### INFORMATION SHOWN
Content starts

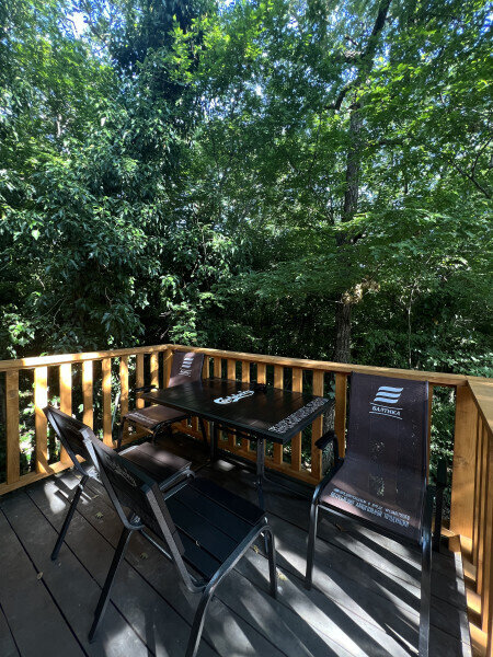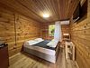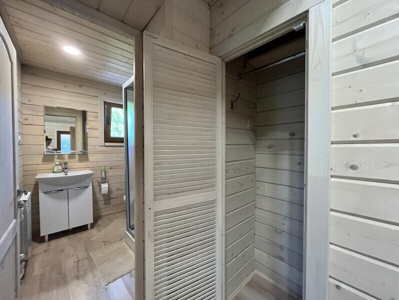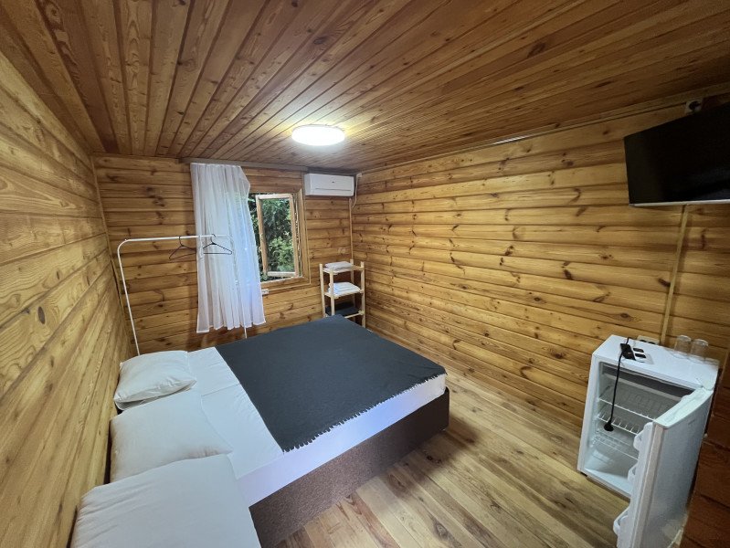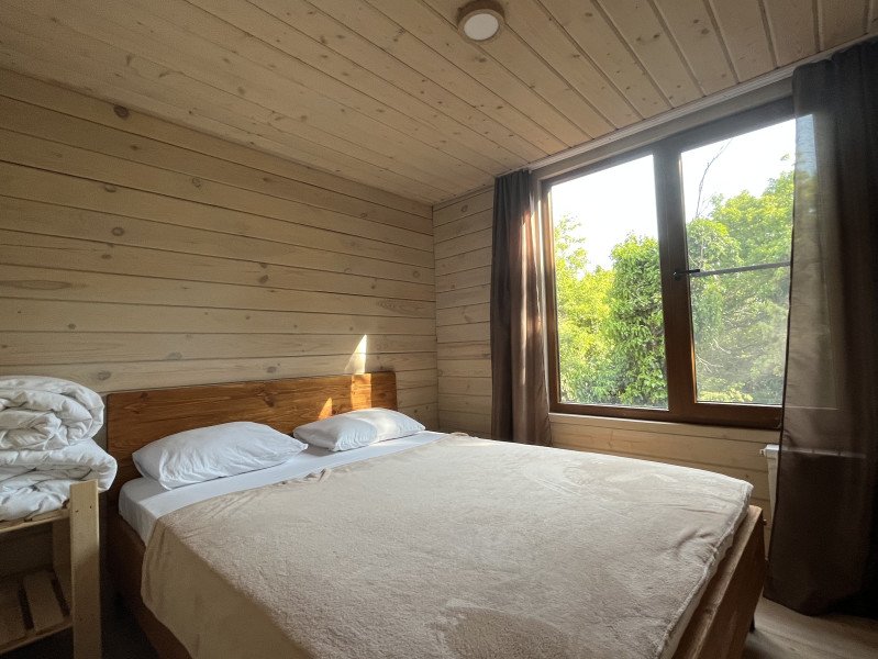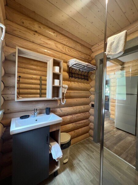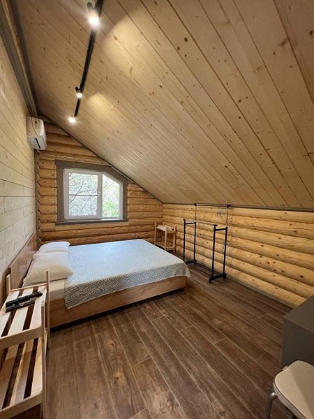 Новый номер с кухней из сруба на 4 человека (2 этаж). На этаже — 2 спальни с двуспальной кроватью, мини-кухня, санузел с душем, выход на балкон, мангальная зона.
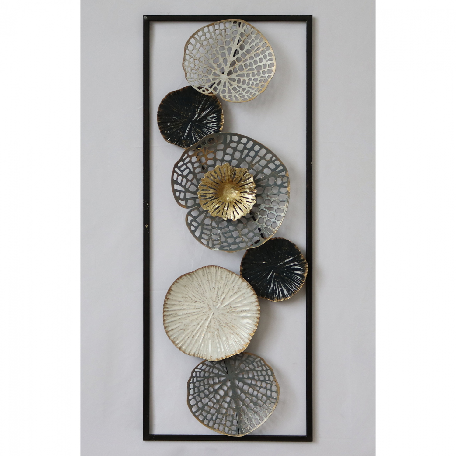 Μεταλλικό διακοσμητικό τοίχου σε μαύρη και λευκή απόχρωση με χρυσές και ασημί λεπτομέρειες.
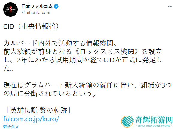 今日,Falcom官方推特公布了《英雄传说:黎之轨迹》CID(中央情报省)角色集结图。此外还顺便为玩家们介绍了这个组织的相关背景,下面就一起来了解下吧。《黎之轨迹》繁体中文版将于2021年冬季发售(日
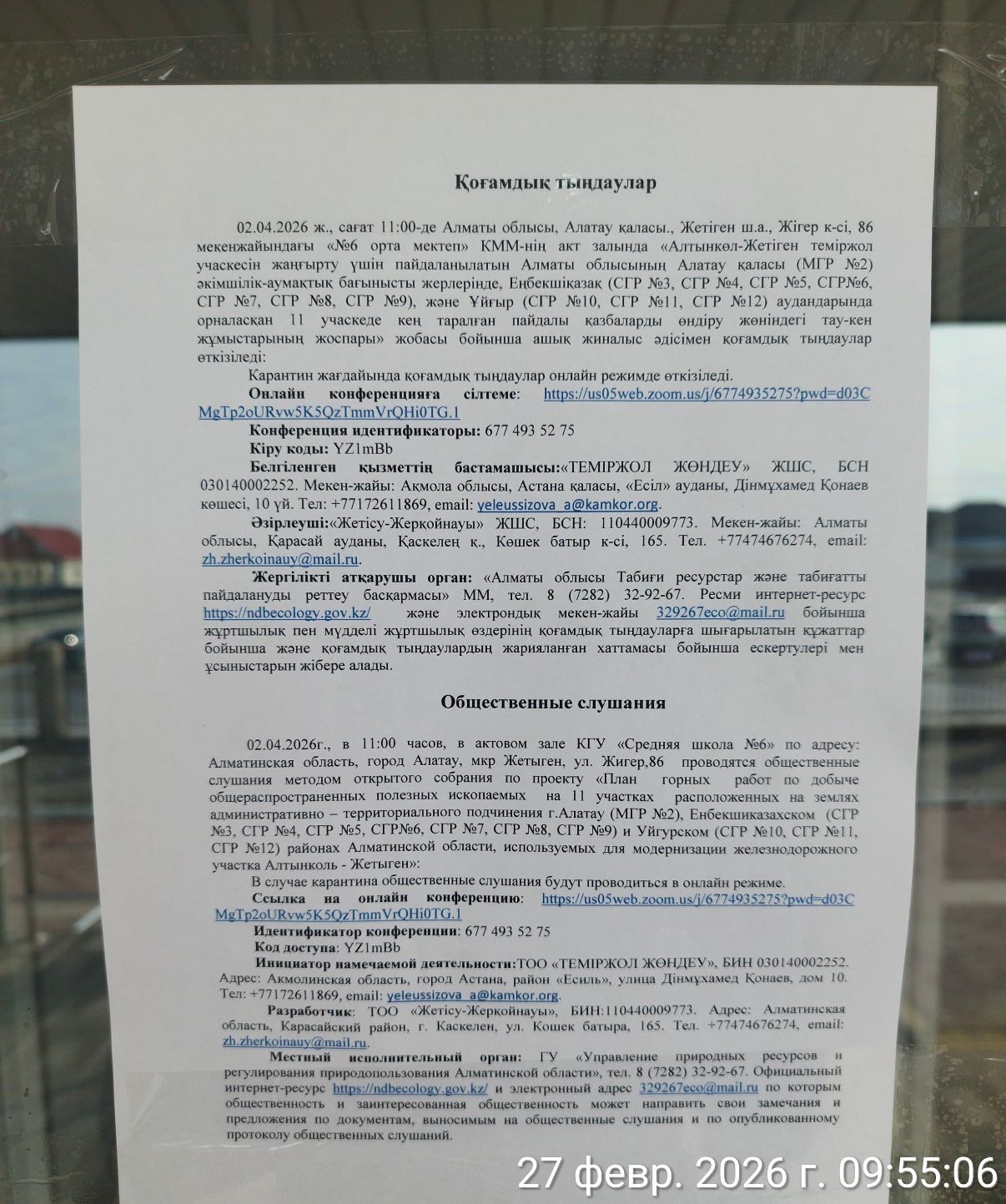 4. Повестка дня общественных слушаний: «Алтынкөл-Жетіген теміржол учаскесін жаңғырту үшін пайдаланылатын Алатау қаласы (МГР №2) әкімшілік-аумақтық бағынысты жерлерінде, Еңбекшіқазақ (СГР №3, СГР №4, СГР №5, СГР№6, СГР №7, СГР №8, СГР №9), және Ұйғыр (СГР №10, СГР №11, СГР №12) аудандарында орналасқан 11 учаскеде кең таралған пайдалы қазбаларды өндіру жөніндегі тау-кен жұмыстарының жоспары» жобасы бойынша ашық жиналыс әдісімен қоғамдық тыңдаулар өткізіледі: 1) 01.04.2026 ж., сағат 11:00-де Алматы облысы, Еңбекшіқазақ ауданы, Қаражота а.о., Сарыбұлақ а., Қонаев к-сі, 8 мекен-жайындағы Мәдениет Үйі ғимаратында. 2) 01.04.2026 ж., сағат 15:00-де, Алматы облысы, Ұйғыр ауданы, Қырғызсай а.о., Рахат а., Жерұйық к-сі, 1 мекенжайындағы «Рахат орта мектебі мектеп жасына дейінгі шағын орталығы бар» КММ-нің акт залында; 3) 02.04.2026 ж., сағат 11:00-де Алматы облысы, Алатау қаласы., Жетіген ш.а., Жігер к-сі, 86 мекенжайындағы «№6 орта мектеп» КММ-нің акт залында. Карантин жағдайында қоғамдық тыңдаулар онлайн режимде өткізіледі. Онлайн конференцияға сілтеме: https://us05web.zoom.us/j/6774935275?pwd=d03C MgTp2oURvw5K5QzTmmVrQHi0TG.1 Конференция идентификаторы: 677 493 52 75 Кіру коды: YZ1mBb Белгіленген қызметтің бастамашысы:«ТЕМІРЖОЛ ЖӨНДЕУ» ЖШС, БСН 030140002252. Мекен-жайы: Ақмола облысы, Астана қаласы, «Есіл» ауданы, Дінмұхамед Қонаев көшесі, 10 үй. Тел: +77172611869, email: yeleussizova_a@kamkor.org. Әзірлеуші:«Жетісу-Жерқойнауы» ЖШС, БСН: 110440009773. Мекен-жайы: Алматы облысы, Қарасай ауданы, Қаскелең қ., Көшек батыр к-сі, 165. Тел. +77474676274, email: zh.zherkoinauy@mail.ru. Жергілікті атқарушы орган: «Алматы облысы Табиғи ресурстар және табиғатты пайдалануды реттеу басқармасы» ММ, тел. 8 (7282) 32-92-67. Ресми интернет-ресурс https://ndbecology.gov.kz/ және электрондық мекен-жайы 329267eco@mail.ru бойынша жұртшылық пен мүдделі жұртшылық өздерінің қоғамдық тыңдауларға шығарылатын құжаттар бойынша және қоғамдық тыңдаулардың жарияланған хаттамасы бойынша ескертулері мен ұсыныстарын жібере алады. Проводятся общественные слушания методом открытого собрания по проекту «План горных работ по добыче общераспространенных полезных ископаемых на 11 участках расположенных на землях административно – территориального подчинения г.Алатау (МГР №2), Енбекшиказахском (СГР №3, СГР №4, СГР №5, СГР№6, СГР №7, СГР №8, СГР №9) и Уйгурском (СГР №10, СГР №11, СГР №12) районах Алматинской области, используемых для модернизации железнодорожного участка Алтынколь - Жетыген»: 1) 01.04.2026г., в 11:00 часов, по адресу: Алматинская область , Енбекшиказахский район, Каражотинский с.о., с. Сарыбулак, Дом Культуры по адресу: ул. Конаев, 8. 2) 01.04.2026г., в 15:00 часов, в актовом зале КГУ «Рахатская средняя школа с дошкольным миницентром» по адресу: Алматинская область, Уйгурский район, Кыргызсайский с.о., с. Рахат, ул. Жеруйык, 1. 3) 02.04.2026г., в 11:00 часов, в актовом зале КГУ «Средняя школа №6» по адресу: Алматинская область, город Алатау, мкр Жетыген, ул. Жигер,86. В случае карантина общественные слушания будут проводиться в онлайн режиме. Ссылка на онлайн конференцию: https://us05web.zoom.us/j/6774935275?pwd=d03C MgTp2oURvw5K5QzTmmVrQHi0TG.1 Идентификатор конференции: 677 493 52 75 Код доступа: YZ1mBb Инициатор намечаемой деятельности:ТОО «ТЕМІРЖОЛ ЖӨНДЕУ», БИН 030140002252. Адрес: Акмолинская область, город Астана, район «Есиль», улица Дінмұхамед Қонаев, дом 10. Тел: +77172611869, email: yeleussizova_a@kamkor.org. Разработчик: ТОО «Жетісу-Жерқойнауы», БИН:110440009773. Адрес: Алматинская область, Карасайский район, г. Каскелен, ул. Кошек батыр

Content ends

### WHAT THE TASK REQUIRES
Return the data above unchanged. Pictures are not part of the copy.

### OUTPUT
 Новый номер с кухней из сруба на 4 человека (2 этаж). На этаже — 2 спальни с двуспальной кроватью, мини-кухня, санузел с душем, выход на балкон, мангальная зона.
 Μεταλλικό διακοσμητικό τοίχου σε μαύρη και λευκή απόχρωση με χρυσές και ασημί λεπτομέρειες.
 今日,Falcom官方推特公布了《英雄传说:黎之轨迹》CID(中央情报省)角色集结图。此外还顺便为玩家们介绍了这个组织的相关背景,下面就一起来了解下吧。《黎之轨迹》繁体中文版将于2021年冬季发售(日
 4. Повестка дня общественных слушаний: «Алтынкөл-Жетіген теміржол учаскесін жаңғырту үшін пайдаланылатын Алатау қаласы (МГР №2) әкімшілік-аумақтық бағынысты жерлерінде, Еңбекшіқазақ (СГР №3, СГР №4, СГР №5, СГР№6, СГР №7, СГР №8, СГР №9), және Ұйғыр (СГР №10, СГР №11, СГР №12) аудандарында орналасқан 11 учаскеде кең таралған пайдалы қазбаларды өндіру жөніндегі тау-кен жұмыстарының жоспары» жобасы бойынша ашық жиналыс әдісімен қоғамдық тыңдаулар өткізіледі: 1) 01.04.2026 ж., сағат 11:00-де Алматы облысы, Еңбекшіқазақ ауданы, Қаражота а.о., Сарыбұлақ а., Қонаев к-сі, 8 мекен-жайындағы Мәдениет Үйі ғимаратында. 2) 01.04.2026 ж., сағат 15:00-де, Алматы облысы, Ұйғыр ауданы, Қырғызсай а.о., Рахат а., Жерұйық к-сі, 1 мекенжайындағы «Рахат орта мектебі мектеп жасына дейінгі шағын орталығы бар» КММ-нің акт залында; 3) 02.04.2026 ж., сағат 11:00-де Алматы облысы, Алатау қаласы., Жетіген ш.а., Жігер к-сі, 86 мекенжайындағы «№6 орта мектеп» КММ-нің акт залында. Карантин жағдайында қоғамдық тыңдаулар онлайн режимде өткізіледі. Онлайн конференцияға сілтеме: https://us05web.zoom.us/j/6774935275?pwd=d03C MgTp2oURvw5K5QzTmmVrQHi0TG.1 Конференция идентификаторы: 677 493 52 75 Кіру коды: YZ1mBb Белгіленген қызметтің бастамашысы:«ТЕМІРЖОЛ ЖӨНДЕУ» ЖШС, БСН 030140002252. Мекен-жайы: Ақмола облысы, Астана қаласы, «Есіл» ауданы, Дінмұхамед Қонаев көшесі, 10 үй. Тел: +77172611869, email: yeleussizova_a@kamkor.org. Әзірлеуші:«Жетісу-Жерқойнауы» ЖШС, БСН: 110440009773. Мекен-жайы: Алматы облысы, Қарасай ауданы, Қаскелең қ., Көшек батыр к-сі, 165. Тел. +77474676274, email: zh.zherkoinauy@mail.ru. Жергілікті атқарушы орган: «Алматы облысы Табиғи ресурстар және табиғатты пайдалануды реттеу басқармасы» ММ, тел. 8 (7282) 32-92-67. Ресми интернет-ресурс https://ndbecology.gov.kz/ және электрондық мекен-жайы 329267eco@mail.ru бойынша жұртшылық пен мүдделі жұртшылық өздерінің қоғамдық тыңдауларға шығарылатын құжаттар бойынша және қоғамдық тыңдаулардың жарияланған хаттамасы бойынша ескертулері мен ұсыныстарын жібере алады. Проводятся общественные слушания методом открытого собрания по проекту «План горных работ по добыче общераспространенных полезных ископаемых на 11 участках расположенных на землях административно – территориального подчинения г.Алатау (МГР №2), Енбекшиказахском (СГР №3, СГР №4, СГР №5, СГР№6, СГР №7, СГР №8, СГР №9) и Уйгурском (СГР №10, СГР №11, СГР №12) районах Алматинской области, используемых для модернизации железнодорожного участка Алтынколь - Жетыген»: 1) 01.04.2026г., в 11:00 часов, по адресу: Алматинская область , Енбекшиказахский район, Каражотинский с.о., с. Сарыбулак, Дом Культуры по адресу: ул. Конаев, 8. 2) 01.04.2026г., в 15:00 часов, в актовом зале КГУ «Рахатская средняя школа с дошкольным миницентром» по адресу: Алматинская область, Уйгурский район, Кыргызсайский с.о., с. Рахат, ул. Жеруйык, 1. 3) 02.04.2026г., в 11:00 часов, в актовом зале КГУ «Средняя школа №6» по адресу: Алматинская область, город Алатау, мкр Жетыген, ул. Жигер,86. В случае карантина общественные слушания будут проводиться в онлайн режиме. Ссылка на онлайн конференцию: https://us05web.zoom.us/j/6774935275?pwd=d03C MgTp2oURvw5K5QzTmmVrQHi0TG.1 Идентификатор конференции: 677 493 52 75 Код доступа: YZ1mBb Инициатор намечаемой деятельности:ТОО «ТЕМІРЖОЛ ЖӨНДЕУ», БИН 030140002252. Адрес: Акмолинская область, город Астана, район «Есиль», улица Дінмұхамед Қонаев, дом 10. Тел: +77172611869, email: yeleussizova_a@kamkor.org. Разработчик: ТОО «Жетісу-Жерқойнауы», БИН:110440009773. Адрес: Алматинская область, Карасайский район, г. Каскелен, ул. Кошек батыр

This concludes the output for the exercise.